Pagination, Filtering & Sorting
Stage 3 · Backend & APIs · B.U.I.L.D. letter: L
The moment your list endpoint returns every row in the table, you've handed your database a time bomb — pagination, filtering, and sorting are what separates a real API from a memory-hungry prototype.
⚠️ The vibe trap
You write SELECT * FROM orders and it works great in development with 50 rows. Six months later, production has 2 million orders, a user hits that endpoint, Node tries to serialize 2 million objects into one JSON response, the process runs out of memory, and your whole server crashes.

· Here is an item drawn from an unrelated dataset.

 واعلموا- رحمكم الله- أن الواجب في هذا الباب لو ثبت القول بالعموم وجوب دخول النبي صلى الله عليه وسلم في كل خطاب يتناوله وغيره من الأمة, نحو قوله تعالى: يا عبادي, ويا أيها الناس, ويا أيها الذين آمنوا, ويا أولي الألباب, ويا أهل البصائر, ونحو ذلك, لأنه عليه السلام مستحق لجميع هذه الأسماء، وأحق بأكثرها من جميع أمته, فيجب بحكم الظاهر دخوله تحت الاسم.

The second trap: you let users sort by passing ?sort=column directly into your query string — and now an attacker types ?sort=1; DROP TABLE orders-- and you have a very bad day. "Return everything and let the client filter" sounds harmless until it isn't.

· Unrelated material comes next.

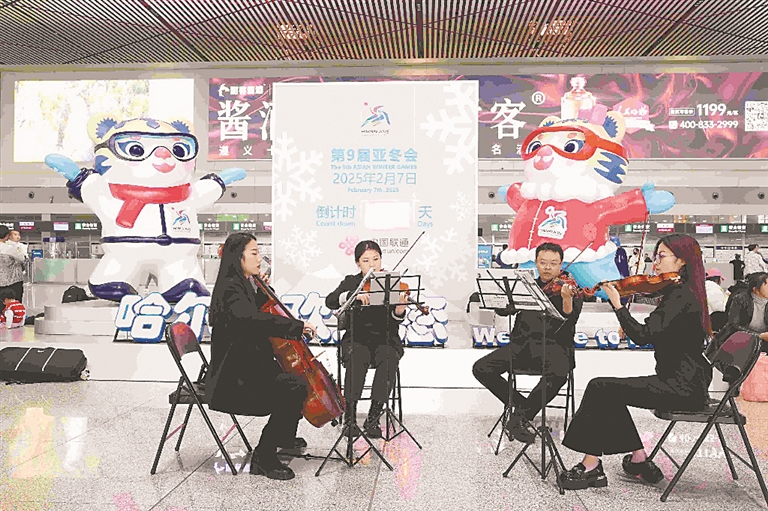 本报12日讯(刘烨 记者王迪)12日下午,在哈尔滨太平国际机场T2航站楼值机大厅,一场以“冰雪同梦、亚洲同心“为主题弦乐演奏正式拉开亚冬会倒计时300天演出活动的帷幕,小提琴和大提琴的美妙旋律交相呼应,吸引了众多旅客驻足欣赏。

📏 Offset/Limit Pagination — The Workhorse (With a Flaw)
Offset/limit is the most familiar approach. You tell the database "skip N rows, give me the next M." Every SQL database supports it natively.

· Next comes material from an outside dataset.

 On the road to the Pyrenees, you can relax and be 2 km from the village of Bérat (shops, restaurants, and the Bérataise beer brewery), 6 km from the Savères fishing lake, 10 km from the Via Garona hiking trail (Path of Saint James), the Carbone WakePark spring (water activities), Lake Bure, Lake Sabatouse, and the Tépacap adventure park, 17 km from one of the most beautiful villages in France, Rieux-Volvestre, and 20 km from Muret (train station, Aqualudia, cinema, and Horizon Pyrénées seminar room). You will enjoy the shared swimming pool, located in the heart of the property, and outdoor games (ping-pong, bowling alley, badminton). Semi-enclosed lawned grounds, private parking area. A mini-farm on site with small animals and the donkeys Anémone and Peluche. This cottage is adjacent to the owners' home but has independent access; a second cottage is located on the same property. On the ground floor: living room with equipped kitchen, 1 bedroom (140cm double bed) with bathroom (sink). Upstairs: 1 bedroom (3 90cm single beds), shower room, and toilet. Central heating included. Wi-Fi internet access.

-- Page 3, 20 rows per page
SELECT id, title, created_at
FROM orders
ORDER BY created_at DESC
LIMIT 20 OFFSET 40;
In your Express route this looks like:
// GET /api/orders?page=2&pageSize=20
router.get('/orders', async (req, res) => {
const MAX_PAGE_SIZE = 100;
const page = Math.max(1, parseInt(req.query.page, 10) || 1);
const pageSize = Math.min(MAX_PAGE_SIZE,
Math.max(1, parseInt(req.query.pageSize, 10) || 20));
const offset = (page - 1) * pageSize;
const [rows, countResult] = await Promise.all([
db.query(
'SELECT id, title, created_at FROM orders ORDER BY created_at DESC LIMIT $1 OFFSET $2',
[pageSize, offset]
),
db.query('SELECT COUNT(*) AS total FROM orders'),
]);
const total = parseInt(countResult.rows[0].total, 10);
res.json({
data: rows.rows,
page,
pageSize,
total,
totalPages: Math.ceil(total / pageSize),
nextCursor: null, // filled in the cursor section below
});
});
Mental model: Offset is a bookmark by position ("row 40 in line"). The problem is that at row 1,000,000 the database still has to scan and discard 1,000,000 rows to find your starting point — it just hides the work from you. For low-volume data or admin dashboards where users need "jump to page 47," offset is fine. For high-volume feeds, you need cursors.
Why it matters: Always enforce a MAX_PAGE_SIZE. A client that requests pageSize=999999 should get back pageSize=100 (or a 400 error), not a server explosion.
Common mistake: Forgetting to clamp page and pageSize to positive integers. parseInt(undefined, 10) returns NaN, and LIMIT NaN will either throw or return every row, depending on your driver.
🔑 Cursor/Keyset Pagination — The Scale Winner
Instead of "skip N rows," cursor pagination says "give me all rows where created_at < X (and break ties on id < Y)." The database uses an index, never scans skipped rows, and stays fast whether you're on page 1 or page 100,000.
-- First page (no cursor)
SELECT id, title, created_at
FROM orders
WHERE created_at IS NOT NULL
ORDER BY created_at DESC, id DESC
LIMIT 20;
-- Next page (cursor = last row of previous page)
SELECT id, title, created_at
FROM orders
WHERE (created_at, id) < ('2025-11-01T14:22:00Z', 'ord_8812')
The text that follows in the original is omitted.